Ответ Базиля также утрачен, но, по всей вероятности, он поспел вовремя, потому что еще до конца года Клод покинул нормандское побережье и никакие судебные исполнители по пятам за ним не гнались - это ждало его в будущем. В Париже он поселился все у того же "старины Базиля" - на шестом этаже дома на улице Фюрстемберг. Жилось ему там неплохо. Во-первых, потому, что господин Моне-отец, немного успокоившись, выслал сыну 250 франков. Во-вторых, потому, что квартал оказался поистине чудесным местечком. Когда-то на этом месте располагался парадный двор аббатского замка Сен-Жермен-де-Пре. Но и сегодня улица, обязанная своим именем кардиналу Гийому Эгону де Фюрстембергу - епископу Страсбургскому, в 1699 году назначенному коммандитистом королевского аббатства, хранит уют и покой. Здесь провел шесть последних лет своей жизни Делакруа, скончавшийся 13 августа 1863 года. Он жил в одной из хозяйственных дворцовых построек, на третьем этаже дома, расположенного между парадным двором и садом, и именно здесь написал свои картины "Восхождение на Голгофу" и "Положение во гроб".
Художники всегда высоко ценили этот прелестный уголок Парижа. Например, граф Поль де Сен-Виктор - известный коллекционер, литератор, театральный критик и искусствовед - окончил свои дни в 1881 году в доме Делакруа. Совсем рядом, на улице Кардиналь, жил автор "Зеленой рукописи" Дрюино. Этот человек отличался завидным мужеством: однажды январской ночью 1832 года, возвращаясь домой, он услышал ужасные крики, доносившиеся со второго этажа стоявшего напротив дома. Кричала женщина. Убивают, понял он. Недолго думая он схватил валявшуюся рядом забытую строителями лестницу, прислонил ее к стене дома, вскарабкался до окна, из которого доносились крики, распахнул его и впрыгнул в комнату. К великому неудовольствию мужа кричавшей, которая в тот момент… рожала.
Что касается Моне, то его, напротив, ждал здесь самый любезный прием. Базиль общался с самыми разнообразными людьми. Среди его знакомых были Феликс Турнашон, он же фотограф Надар, Фанген-Латур, Гамбетта, композитор Виктор Массе, Бодлер и его приятель Барбе д’Орвелли, автор памфлета "Сорок портретов членов Французской Академии", вызвавшего шумный скандал.
Нам совсем нетрудно вообразить себе, какие разговоры вели между собой по вечерам все эти люди.
- Послушайте, Барбе, вы слишком строги к герцогу Бролли!

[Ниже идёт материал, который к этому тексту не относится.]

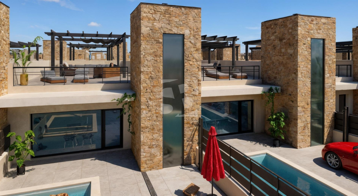 Nowa inwestycja mieszkaniowa składająca się z willi i domów szeregowych w Fuente Álamo, w regionie Murcja. Lokalizacja ta oferuje wyjątkowe otoczenie przyrody, z dala od zgiełku dużych miast i turystycznego natężenia na wybrzeżu. Ponadto jesteśmy zaangażowani w działania na rzecz zrównoważonego rozwoju, minimalizując nasz wpływ na środowisko i maksymalizując integrację z lokalną społecznością. Tutaj Twoje marzenia o spokojnym i zrównoważonym stylu życia stają się rzeczywistością. Wyobraź sobie, że każdego ranka budzisz się w imponującym otoczeniu natury, w spokoju i wśród wyjątkowego piękna murcyjskiej wsi. W tej inwestycji priorytetem jest energooszczędność, wykorzystanie materiałów przyjaznych dla środowiska oraz harmonijna integracja z otoczeniem. Od projektu nieruchomości po planowanie inwestycji – wszystko ma na celu zmniejszenie naszego śladu węglowego i promowanie odpowiedzialnych praktyk we wszystkich działaniach. Kompletna instalacja klimatyzacji kanałowej, chłodzenie/ogrzewanie. System wideodomofonu. Drzwi wejściowe w kolorze lakierowanym, z zamkiem i okuciami antywandalskimi. Szafy z bagażnikiem, wyłożone wewnątrz, lakierowane na biało. Meble kuchenne wraz z wyposażeniem AGD. Ciepła woda z aerotermii. Elektryczne rolety. Pergole w solarium. Prywatny basen o wymiarach 2,5 x 4,5 m z podwodnym oświetleniem i systemem oczyszczania chlorem solnym. Instalacja pod kuchnię zewnętrzną/jacuzzi w solarium. Fuente Álamo de Murcia to miejscowość i gmina w regionie Murcji, na południu Hiszpanii. Położona jest 22 km na północny zachód od Kartageny i 35 km na południowy zachód od Murcji. Miasto leży w dorzeczu Morza Menor, otoczone pasmami górskimi Algarrobo, Los Gómez, Los Victorias i Carrascoy. Woda z tych gór spływa w dół Rambla de Fuente Álamo, a następnie do Morza Menor. Fuente Álamo znajduje się 30 minut od lotniska Murcia - Corvera. Najbliższe sklepy znajdują się w odległości 6 km.
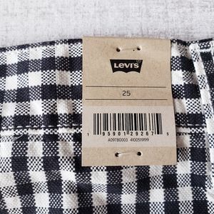 🆕️Levi's Plaid Checker Print Black Gray White Cotton A-Line Skirt SZ 25

- Видите ли, он как повернулся однажды спиной к искусству, так больше и не оборачивается!
- Ну а его сын, князь?
- Еще хуже папаши! Он питает интерес исключительно к псевдоважным вещам и, соответственно, обладает лишь псевдоталантом. Он похож на… блоху, раздавленную грузом собственной эрудиции.
- А наш философ, Виктор Кузен? Что вы думаете о нем, дорогой Барбе? Он ведь у нас нынче министр народного образования?
- Кузен? Тот самый, что побирается у Гегеля? И, между прочим, вполне успешно! Так что на гроши, полученные от Гегеля, он организовал в Париже производство фальшивой монеты!
- Ну а господин де Ремюза?
- Ремюза? Самое почетное и самое бесцветное перо в "Ревю де монд"!
- А Октав Фейе?
- Мюссе в карманном семейном издании!
- А Гизо?
- Образец политической содержанки! Помимо всего прочего, его распирает от гордости и он патетичен, как катафалк!
- Но, скажите на милость, может быть, вы цените хотя бы Адольфа Тьера?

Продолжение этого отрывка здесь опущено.